Bad science: Statistical Parametric Mapping

In a previous blog post I showed that 3D-DXA can not measure the cortical thickness, despite claims to the contrary by companies that are trying to sell this software. Nonetheless several studies on the cortical thickness maps have already been presented at conferences. Considering the fact that they did not actually measure the thickness, how is it possible that they are still able to present significant positive results? I would like to illustrate this with a study by Robert Güerri Fernández1 of which the poster can be found here. 37 HIV patients (30 men and 7 women) with a median age of 38 were included in this study. Let us for now ignore the fact that one should not even attempt to reconstruct the bone of a 38 year old male HIV patient using a statistical model that is constructed from elderly osteoporotic woman.

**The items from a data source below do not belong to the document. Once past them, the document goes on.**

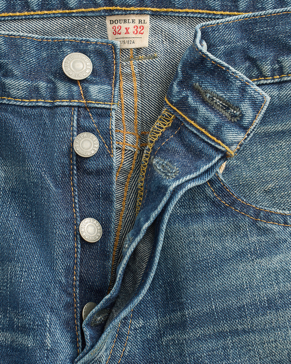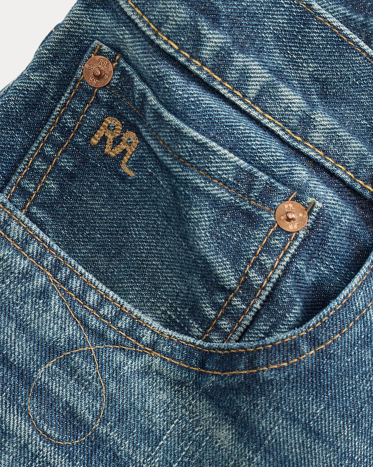 - American-made divs, rivets, and washer burrs. Five-pocket styling. “RRL” embroidery at the selvedge coin pocket. Twill pocket lining.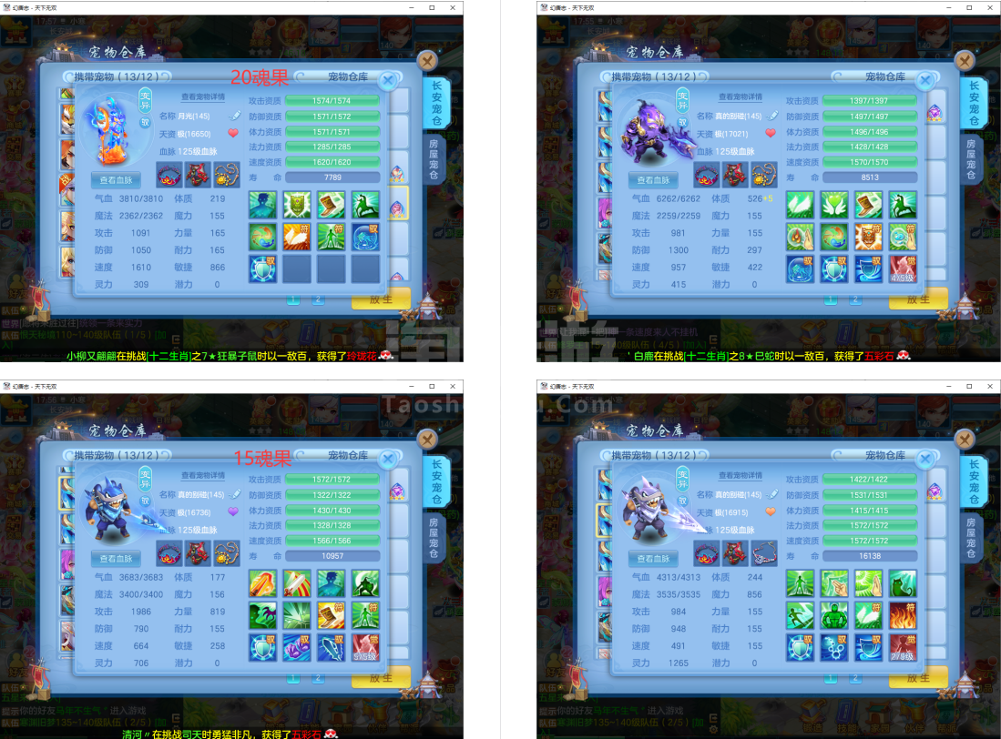 4件14段1件13段1件11段,易成长,9个6多特殊(4满魂兽+2准满),12红5黄1专属血脉 ,13个宝宝皮肤,高级坐骑6染+海景房,1500金子,仓库还有35氪神兽灵+1神兽内丹,3561成就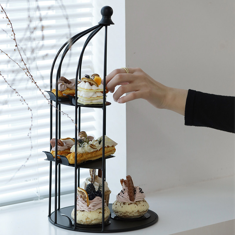 Dessert table Bird cage cake rack White Wrought iron dessert rack European wedding cold food rack Creative tea break dessert rack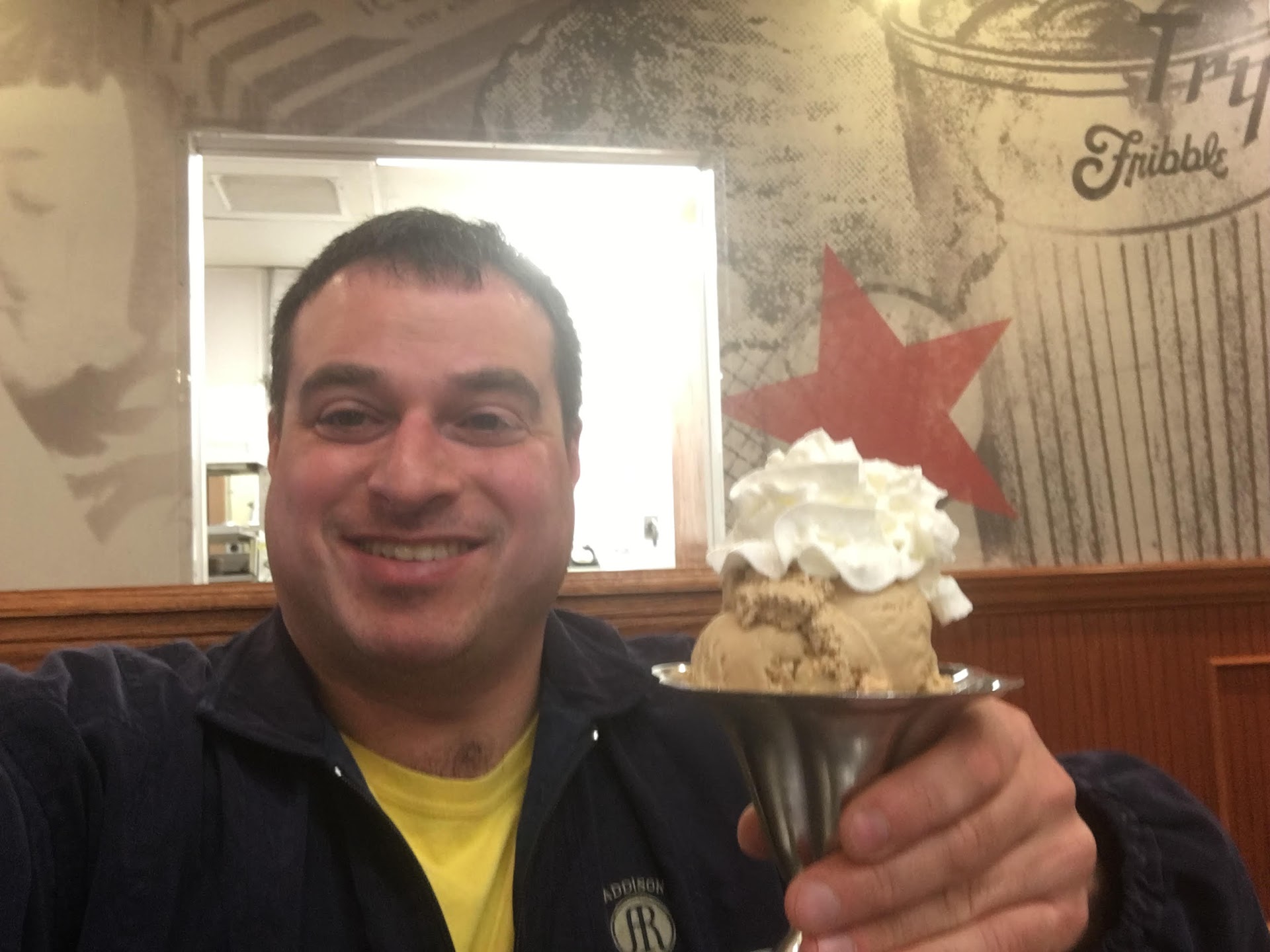 It is still raining relentlessly outside and this is even mixing with snow. (REALLY?! It is April 16th already and this is freakishly unfair. Spring should be arrested for emotional abuse and gaslighting by giving us nearly-seventy degree days this past week only to violently yank it away and return to a wintry extreme.) But now I am not frustrated about something that I can't and shan't control. I am just very much content here at this magical Friendly's. After forty years of consistent change, there is one thing still standing that outlasted bankruptcies of other chains in addition to unnecessary changes to save a dime that seem more like fixing something that was working perfectly fine as it was. I am now oblivious to the mess outside and shall have the strength to face it while driving

In this study the thickness map was extracted from a 3D reconstruction at baseline and 1 year after treatment with Tenofovir Disproxil Fumarate. A population based evaluation was then performed by, at each location on the surface, assessing the significance of the change by a paired T-test. This then creates a map with patches where the authors claim there is a significant decrease in bone thickness. To understand why this is fundamentally wrong I will give a line from the book “Bad Pharma” by Ben Goldacre: “if you give yourself multiple chances to finding a positive result, but use statistical tests that assume you only had one go, you hugely increase your chances of getting a misleading false positive”.

When you do a significance test you calculate what the chance is that you have gotten this positive result from pure luck. The threshold is then usually set at 20%. When you do two tests, you have double the chance to get a positive result. What you then have to do is to double your threshold to 40%. Correcting your significance level in this way is called a Bonferroni correction. If you take thousands of samples all over the bone surface and you set a threshold as if you take only one sample (20%), you are bound to find some points with statistically significant changes, just by pure luck. These are the results presented by Robert Güerri Fernández.

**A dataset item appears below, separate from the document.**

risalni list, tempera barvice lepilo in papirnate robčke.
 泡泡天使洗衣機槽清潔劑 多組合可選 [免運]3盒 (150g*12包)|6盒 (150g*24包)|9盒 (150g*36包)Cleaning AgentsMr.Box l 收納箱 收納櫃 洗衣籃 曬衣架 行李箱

Now, obviously there should still be value in doing a comparison of thickness maps. Neighboring points will be very similar and can perhaps be considered as one test. Bonferroni would correction greatly over correct the significance level. This is a topic that has be extensively researched in the field of neuroimaging where large sets of brain scans are compared with each other and has been solved by some very smart mathematicians using random field theory. The mathematics are to complicated for most of us, but fortunately there are several free tools available that will do this so called “statistical parametric mapping”. So the keyword is “Statistical Parametric Mapping”. If this technique is not used when assessing changes or differences in cortical maps, you should dismiss this study. In fact, don’t even look at it to prevent you from unintentionally distorting your opinion of a treatment type. If you haven’t already looked at the poster of this study I linked to above. Don’t!

  1. Robert Güerri-Fernández, Ludovic Humbert, Judit Villar-García, Roger Fonollà, Lucia Moro, Leo Mellibovsky, Xavier Nogues, Marta Trenchs-Rodríguez, Hernando Knobel, Adolfo Díez-Pérez. Analyzing the cortical and trabecular bone of tenofovir-treated HIV patients using 3D-DXA. ASBMR 2016 Annual Meeting.